* _Exercise prompt_
Output the records below verbatim, minus the pictures.

BEGIN

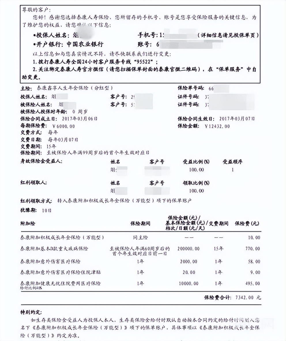 俎先生为孩子购买的保险,分别是泰康人寿泰康财富人生E款年金保险(分红型)和泰康鑫享人生年金保险(分红型)。俎先生向记者提供的保险材料显示:泰康财富人生E款年金保险(分红型)每期保险费为3000元,交费期间为20年,该份保险合同生效日为2013年7月23日;泰康鑫享人生年金保险(分红型)每期保险费为6000元,交费期间为15年,保险合同生效日为2017年3月7日。
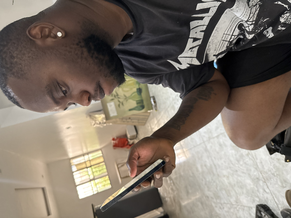 An adult dark-skinned male is depicted in a crouching position within an indoor setting in Iddo Tudunwada, Nigeria. He is observed in profile, facing slightly right from the viewer's perspective, with his gaze directed downwards at a silver-edged smartphone held in his left hand. The male has short dark hair and a trimmed beard. He wears a dark t-shirt with a white "METALLICA" graphic print and dark shorts. A single silver-colored stud earring is present in his right earlobe, and tattoos are visible on his left forearm. The background features light-colored walls and a light-toned tiled floor. Natural light enters the room through a window with a grid pattern, positioned on the left side of the frame. Visible objects in the mid-ground include a small, light-colored table, a red bag, a white box, and a framed painting depicting green bottles and foliage, leaning against a wall. The room appears sparsely furnished.
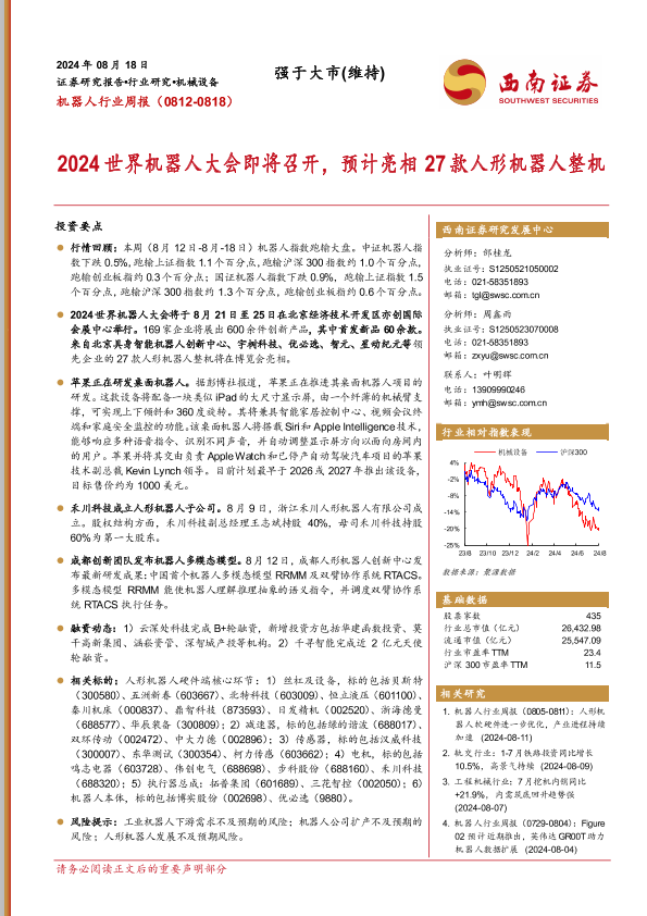 【西南证券】【20240818】2024世界机器人大会即将召开,预计亮相27款人形机器人整机-10页
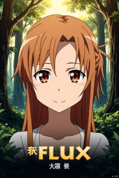 A serene close-up of Asuna, a 1girl with long, smooth brown hair partially tied up, her bright brown eyes firm yet shyly smiling. The background features a mysterious forest with tall trees, lush foliage, and floating leaves, illuminated by dappled yellowish-white light. Surrounding plants add a natural touch. Below, Asuna FLUX in artistic, 3D poster text with AGlong beneath, both designed for a movie poster.
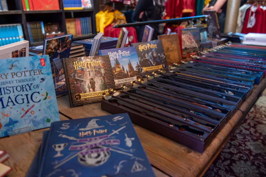Harry Potter hayranları, resmi koleksiyon ürünleri satan ve kesinlikle "Hogwarts" iç tasarımına sahip olan The Great Wizard veya Museum Context gibi çeşitli temalı dükkanlar bulacaktır. Ayrıca posta baykuşları, sihirli değnekler ve ölüm kalıntılarının replikaları da bulunmaktadır.
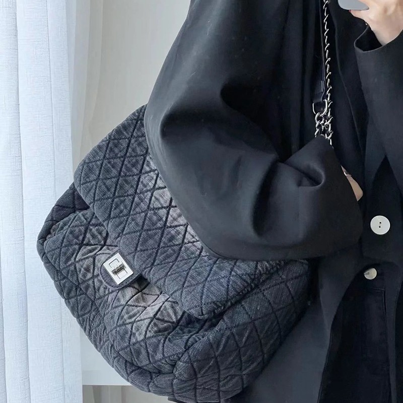 2022 새로운 가을과 겨울 데님 호보 마름모꼴 체인 백 대용량 어깨 겨드랑이 가방 여성 모든 매치 크로스바디 백
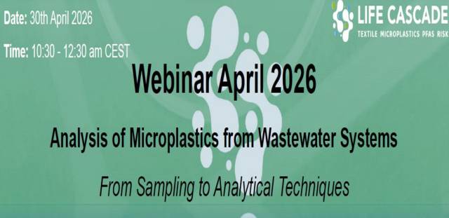 Il giorno 30 aprile 2026 CTSS,nell'ambito del Progetto “Life-Cascade” , dalle 10:30 - 12:30 am CEST, organizza il webinar: "Analysis of Microplastics from Wastewater Systems. From Sampling to Analytical Techniques".

END

* _Answer to this exercise_
 俎先生为孩子购买的保险,分别是泰康人寿泰康财富人生E款年金保险(分红型)和泰康鑫享人生年金保险(分红型)。俎先生向记者提供的保险材料显示:泰康财富人生E款年金保险(分红型)每期保险费为3000元,交费期间为20年,该份保险合同生效日为2013年7月23日;泰康鑫享人生年金保险(分红型)每期保险费为6000元,交费期间为15年,保险合同生效日为2017年3月7日。
 An adult dark-skinned male is depicted in a crouching position within an indoor setting in Iddo Tudunwada, Nigeria. He is observed in profile, facing slightly right from the viewer's perspective, with his gaze directed downwards at a silver-edged smartphone held in his left hand. The male has short dark hair and a trimmed beard. He wears a dark t-shirt with a white "METALLICA" graphic print and dark shorts. A single silver-colored stud earring is present in his right earlobe, and tattoos are visible on his left forearm. The background features light-colored walls and a light-toned tiled floor. Natural light enters the room through a window with a grid pattern, positioned on the left side of the frame. Visible objects in the mid-ground include a small, light-colored table, a red bag, a white box, and a framed painting depicting green bottles and foliage, leaning against a wall. The room appears sparsely furnished.
 【西南证券】【20240818】2024世界机器人大会即将召开,预计亮相27款人形机器人整机-10页
 A serene close-up of Asuna, a 1girl with long, smooth brown hair partially tied up, her bright brown eyes firm yet shyly smiling. The background features a mysterious forest with tall trees, lush foliage, and floating leaves, illuminated by dappled yellowish-white light. Surrounding plants add a natural touch. Below, Asuna FLUX in artistic, 3D poster text with AGlong beneath, both designed for a movie poster.
Harry Potter hayranları, resmi koleksiyon ürünleri satan ve kesinlikle "Hogwarts" iç tasarımına sahip olan The Great Wizard veya Museum Context gibi çeşitli temalı dükkanlar bulacaktır. Ayrıca posta baykuşları, sihirli değnekler ve ölüm kalıntılarının replikaları da bulunmaktadır.
 2022 새로운 가을과 겨울 데님 호보 마름모꼴 체인 백 대용량 어깨 겨드랑이 가방 여성 모든 매치 크로스바디 백
 Il giorno 30 aprile 2026 CTSS,nell'ambito del Progetto “Life-Cascade” , dalle 10:30 - 12:30 am CEST, organizza il webinar: "Analysis of Microplastics from Wastewater Systems. From Sampling to Analytical Techniques".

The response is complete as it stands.